999 Ganmaoling Cold Capsule and 999 Ganmaoling Cold Packets
According to the labeling for 999 Ganmaoling Cold Capsule and 999 Ganmaoling Cold Packets, these products contain acetaminophen, chlorpheniramine, and caffeine as active ingredients and are intended for use as a pain reliever, fever reducer, and antihistamine. Based upon these claims, 999 Ganmaoling Cold Capsule and 999 Ganmaoling Cold Packets are drugs within the meaning of Section 201(g)(1)(B) of the Act, 21 U.S.C. § 321(g)(1)(B), because they are intended for use in the diagnosis, treatment, or prevention of disease, and under section 201(g)(1)(C) of the Act [21 U.S.C. § 321(g)(1)(C)] because they are intended to affect the structure or function of the body.
As antihistamines, in order for 999 Ganmaoling Cold Capsule and 999 Ganmaoling Cold Packets to be generally recognized as safe and effective and not misbranded, and thus be marketed without an approved NDA, they must meet the requirements of the final monograph for Cold, Cough, Allergy, Bronchodilator, and Antiasthmatic Drug Products for OTC use, 21 CFR Part 341, among other requirements. 999 Ganmaoling Cold Capsule and 999 Ganmaoling Cold Packets are unapproved new drugs because they do not meet this final monograph.
For example, the products do not meet 21 CFR 341.40 that describes the requirements for permitted combinations of active ingredients. Specifically, 21 CFR 341.40 describes combinations of active ingredients that are permitted provided that each active ingredient is present within its established dosage limits. 999 Ganmaoling Cold Capsule and 999 Ganmaoling Cold Packets do not meet this final monograph because adults are to take 200 mg of acetaminophen three times a day. This dosage for acetaminophen is not consistent with the Agency’s proposal in the Internal Analgesic Tentative Final Monograph (53 Fed. Reg. 46204, Nov. 16, 1988) that describes an oral dosage of 325 to 650 mg every 4 hours, 325 to 500 mg every 3 hours, or 650 to 1,000 mg every 6 hours not to exceed 4,000 mg in 24 hours. Therefore, your products do not conform to the acceptable dosage for each individual active ingredient because 200 mg of acetaminophen to be taken three times a day has not been proposed in the Tentative Final Monograph (TFM) as a safe and effective dosage nor otherwise covered by the ongoing rulemaking.
Thus, as formulated and labeled, 999 Ganmaoling Cold Capsule and 999 Ganmaoling Cold Packets are not generally recognized as safe and effective for the indications described in their labeling, and therefore, are new drugs under section 201(p) of the Act [21 U.S.C. § 321 (p)]. Under sections 301(d) and 505(a) of the Act [21 U.S.C. §§ 331(d) and 355(a)], a new drug may not be introduced or delivered for introduction into interstate commerce unless a FDA-approved application is in effect for it. Your firm’s marketing of 999 Ganmaoling Cold Capsule and 999 Ganmaoling Cold Packets without FDA-approved applications violates this provision of the Act.
The products 999 Ganmaoling Cold Capsule and 999 Ganmaoling Cold Packets are also misbranded under 502(f)(2) the Act because the products’ labeling fails to bear all of the required warnings described in the final monograph for Cold, Cough, Allergy, Bronchodilator, and Antiasthmatic Drug Products for OTC use, 21 CFR Part 341 for each declared active ingredient. For example, your products fail to disclose the required warning, “May cause drowsiness; alcohol, sedatives, and tranquilizers may increase the drowsiness effect. Avoid alcoholic beverages while taking this product,” see 21 CFR 341.72(c)(3).
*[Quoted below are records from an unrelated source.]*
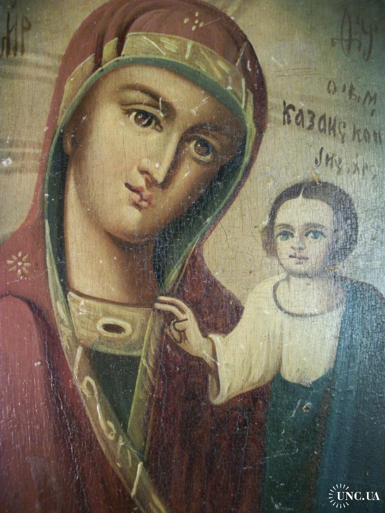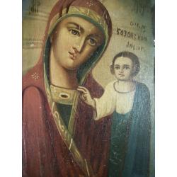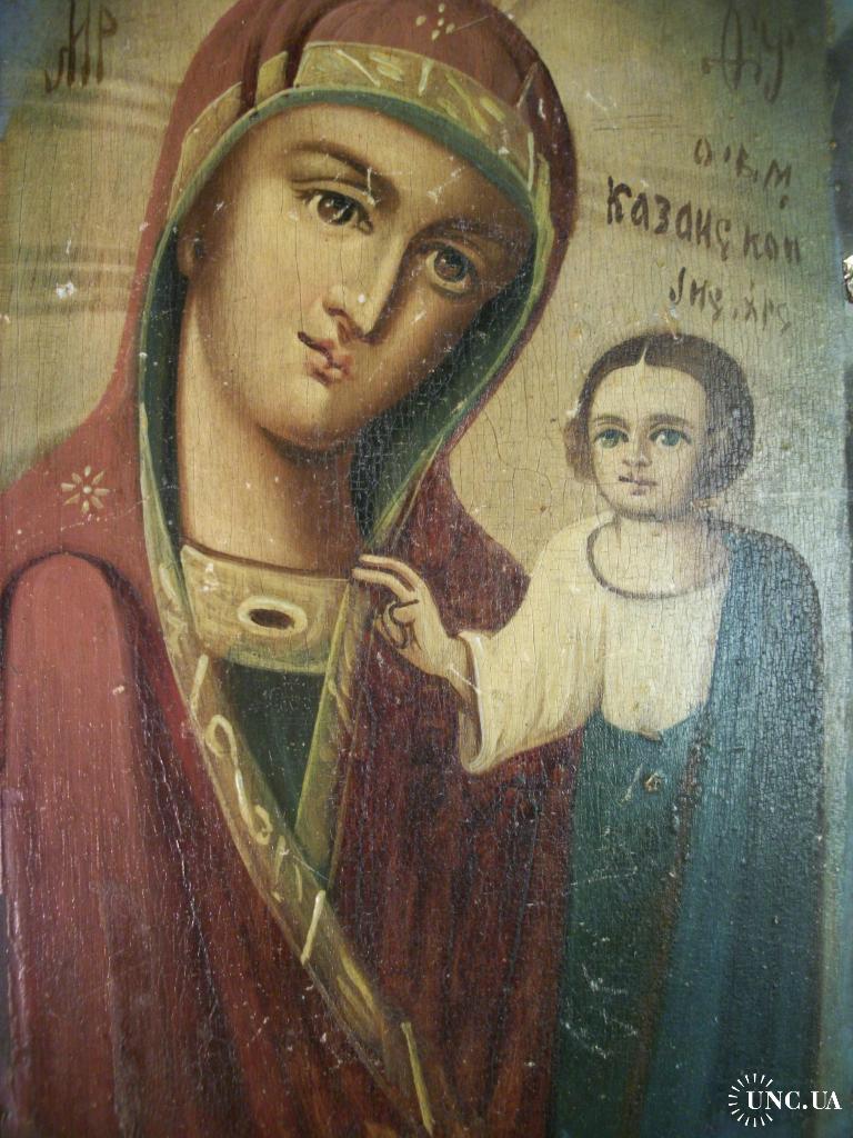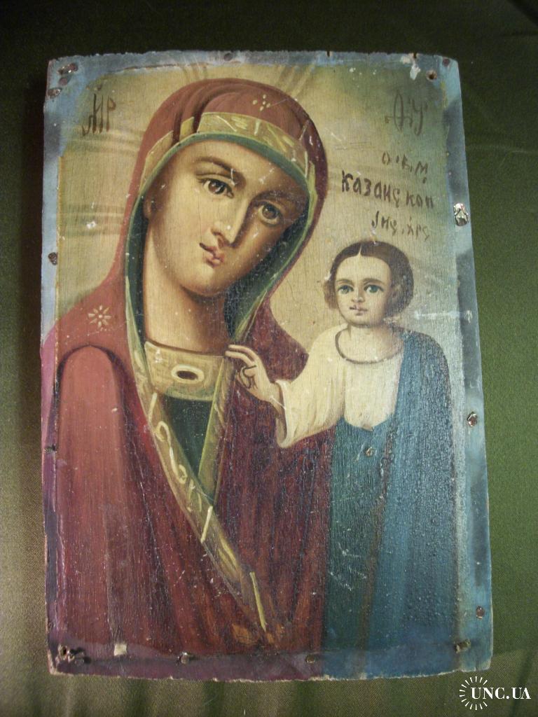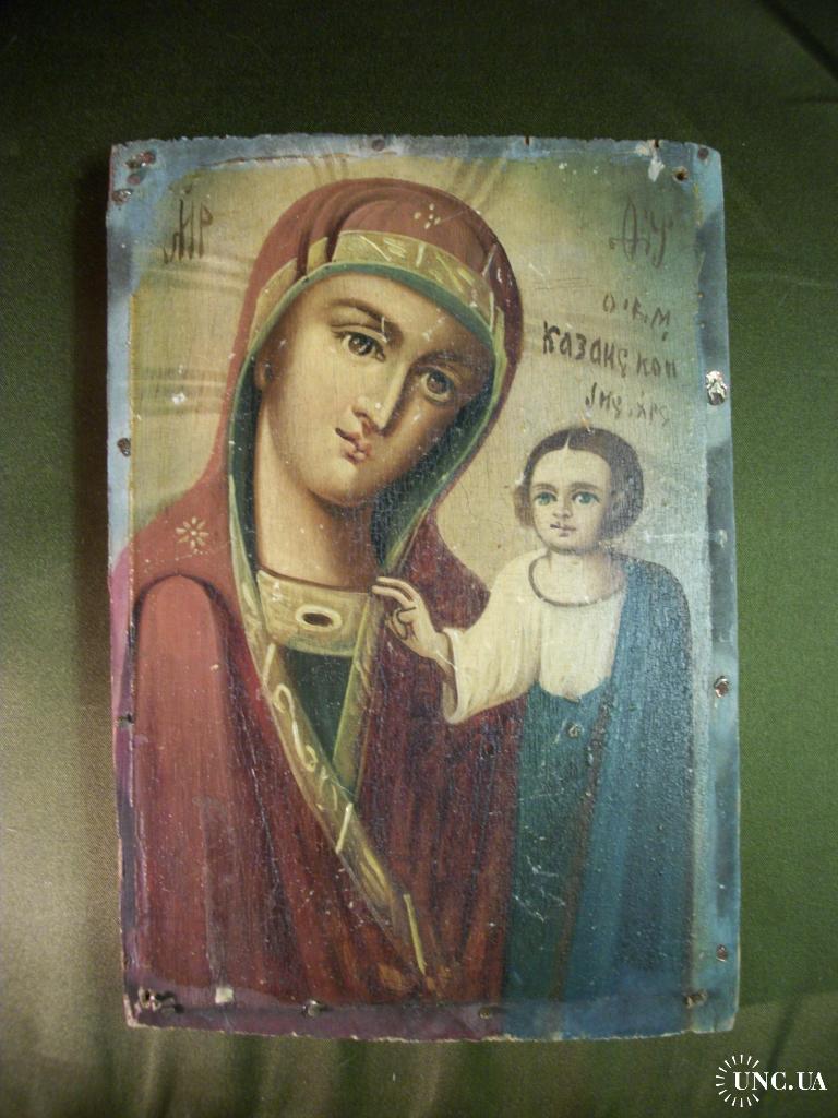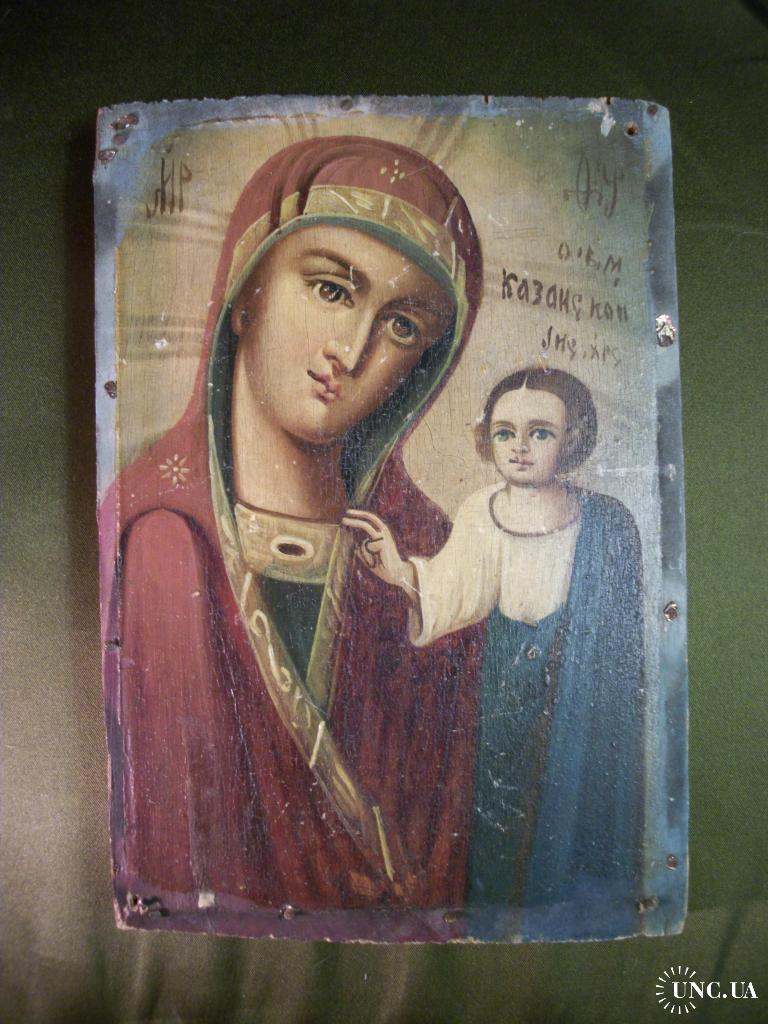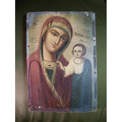 1941-19605.291 Икона Божья матерь Казанская. Масло, доска, дерево. Размер 12*17*1,3 см
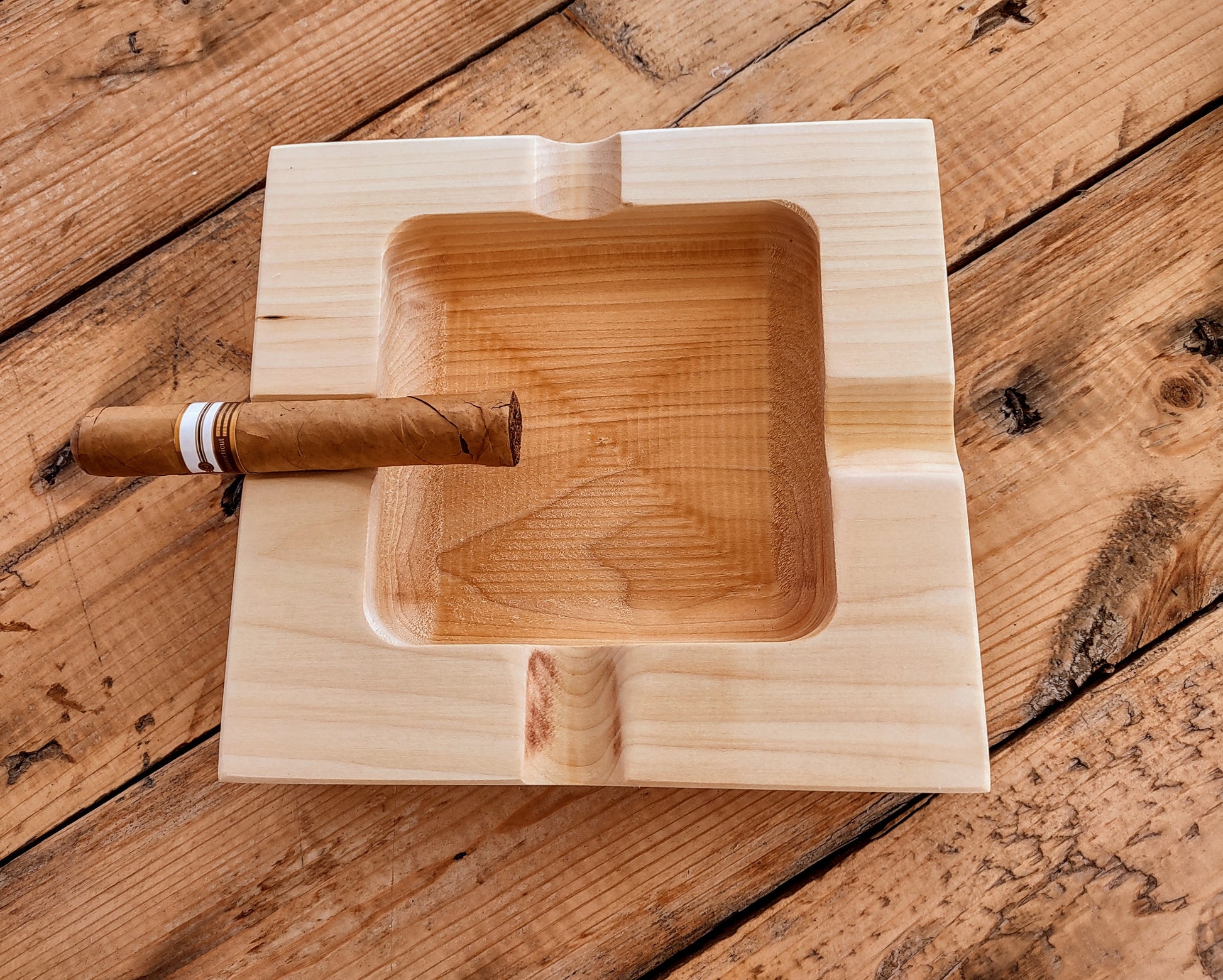 Expertly crafted from Indiana Pine, this Cigar Ashtray boasts a food-safe oil finish for added durability. With four slots, it's perfect for hosting a group of smokers. Measuring roughly 8" x 8" x 2", it's a functional and stylish addition to any smoking lounge.
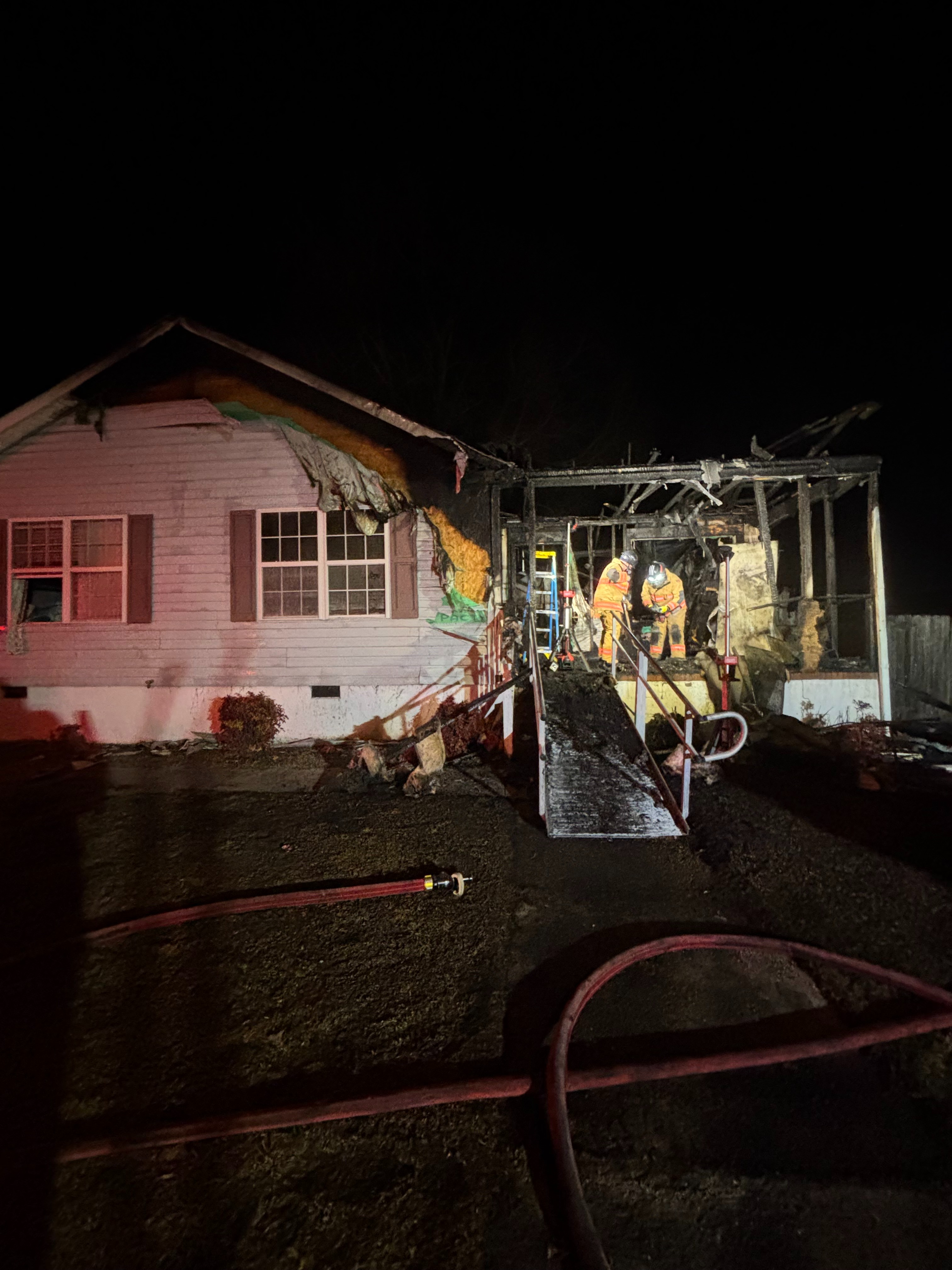 After I left, it appears the woman got up to smoke a cigarette, likely near our door because it was cold, and may have flicked it without fully putting it out. We believe the cigarette may have caught onto a tarp or a TV box that was on the porch.
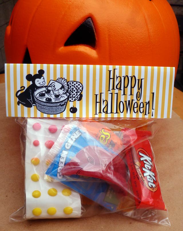 Halloween is right around the corner (well, not really – but it doesn’t hurt to be prepared) so I’ve designed two treat bag toppers. They’re perfect favors for a Halloween or school party. It’s easy –just download the PDF, print it out on cardstock, cut them out, fold in half, and staple or use double sided tape to attach them to a Ziploc bag. You can use the sandwich or snack size bags with the toppers. Wax lips for everyone!!!!
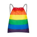 Bolsa-mochila con tirantes de cordón y cerrado de jareta. Su diseño arcoiris, colorido y alegre refleja la diversidad y la inclusividad.
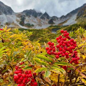 ヒュッテまで道なりに真っ赤なナナカマドが🔴🔴🔴 雨の中の山歩きでしたが気持ちを高めてくれました❣️ 山彦蝶さんにウラジロナナカマドと教えていただき🏷名前を変更しました☺️
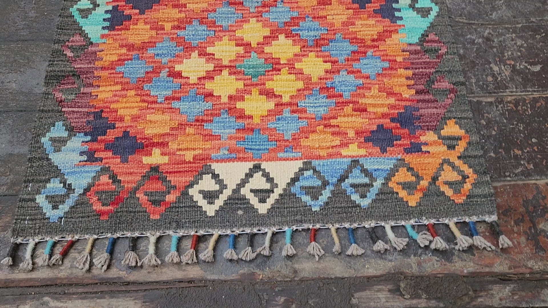 Small Afghan Maimana Kilim Rug 3 x 2 ft Multicolor Turkish Southwest Aztec Boho Rustic Handmade Natural Wool Persian Door Mat Rug
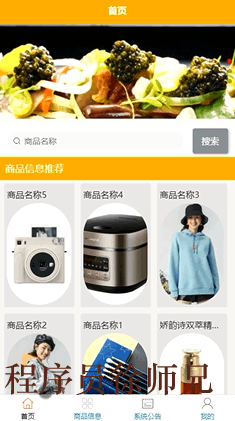 没有账号的用户可进行注册操作,注册登录后主要功能模块包括首页、商品信息(商品查询收藏购买)、系统公告以及我的(商品信息、商品购买、商品配送、订单评价、用户咨询、我的收藏管理以及在线客服)。
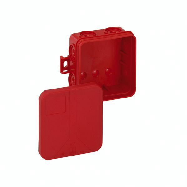 Abzweigdose, mit Schutzart IP55, Nennquerschnitt 2,5mm², Ui=400 V AC, zertifiziert durch VDE (DIN EN 60670-1/-22 (VDE 0606-1/-22)), selbstdichtende Einführungsmembranen, Dichtbereich 8,2-12,5mm, (3 rückseitig, 7 seitlich), außenliegende Befestigungsstellen, für Standardinstallationen im Innenbereich, rot, ohne Klemmen, zur Kennzeichnung von Stromkreisen der Sicherheitsbeleuchtung
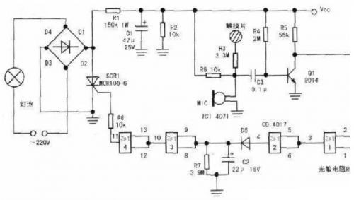 下圖是聲、光、觸摸三控延時自熄開關(guān)的電氣原理圖,該電路由電源電路、信號檢測轉(zhuǎn)換電路、延時電路和控制電路組成。
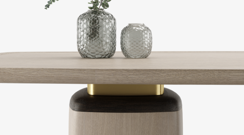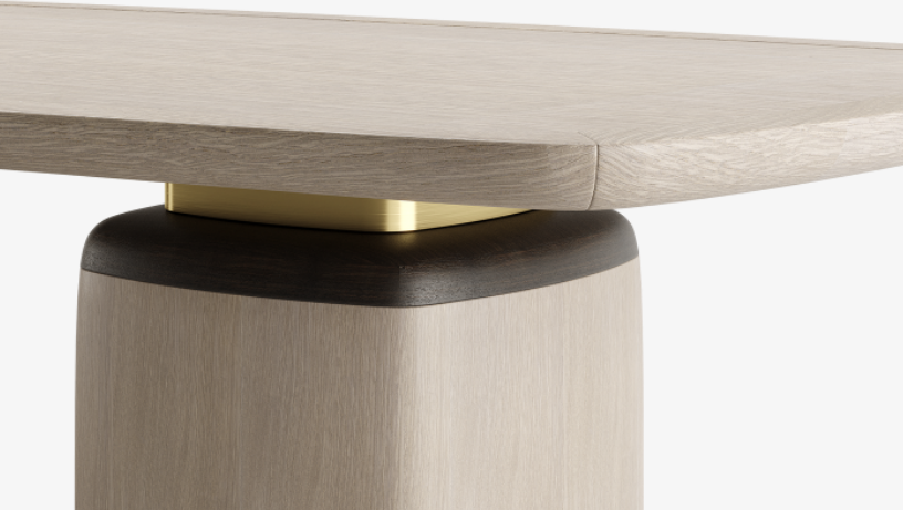 The majestic NAGANO dining table takes its moniker from the Japanese city, which is renowned as a hub of spiritual sites and natural splendour. Predominantly finished in soft grey wood veneer its embellishments of darker wood and brushed brass amplify the dining table’s stately silhouette.

The introduction or delivery for introduction of a misbranded drug into interstate commerce is prohibited under section 301(a) of the Act [21 U.S.C. § 331(a)]. Therefore, the marketing of Ganmaoling Cold Capsule and 999 Ganmaoling Cold Packets violates this provision of the Act.
999 Itch Relief Ointment
According to the labeling for 999 Itch Relief Ointment the product contains the active ingredients, Dexamethasone Acetate 0.075%, Camphor 1%, and Menthol 1% and is labeled for use as an"[a]nti-allergic, anti-inflammatory, itch relief ointment," and "[f]or the temporary relief of pain caused by itching and rashes." Based upon these claims, 999 Itch Relief Ointment is a drug within the meaning of Section 201(g)(1)(B) of the Act, 21 U.S.C. § 321(g)(1)(B), because it is intended for use in the diagnosis, treatment, or prevention of disease, and under section 201(g)(1)(C) of the Act [21 U.S.C. § 321(g)(1)(C)] because it is intended to affect the structure or function of the body.
OTC topical products intended for relief of minor skin irritation or itching are being evaluated under the TFM for OTC External Analgesics in the OTC Drug Review (48 Fed. Reg. 5852, February 8, 1983). Although your product includes OTC external analgesic indications and two external analgesic active ingredients, camphor and menthol, that are addressed under the TFM, your product also contains dexamethasone acetate which is neither an active ingredient covered under the external analgesic rulemaking nor any other OTC drug rulemaking.
In addition, we note your product bears anti-inflammatory claims. The external analgesic rulemaking does not cover general anti-inflammatory claims and descriptive anti-inflammatory claims related to non-serious conditions of minor skin irritations and rashes are only proposed for hydrocortisone and hydrocortisone acetate. Thus, as formulated and labeled, this product is not covered under any OTC monograph that sets forth conditions for general recognition of safety and effectiveness; nor are we aware of a similarly formulated and labeled product otherwise being considered or eligible for consideration under FDA’s OTC Drug Review. Furthermore, we are not aware of evidence to show that 999 Itch Relief Ointment is generally recognized as safe and effective for its labeled uses.
999 Itch Relief Ointment is a new drug under section 201(p) of the Act [21 U.S.C. § 321 (p)]. Under sections 301(d) and 505(a) of the Act [21 U.S.C. §§ 331(d) and 355(a)], a new drug may not be introduced or delivered for introduction into interstate commerce unless an FDA-approved application is in effect for it.
In light of the foregoing, your firm’s marketing of 999 Itch Relief Ointment without an FDA-approved application violates this provision of the Act.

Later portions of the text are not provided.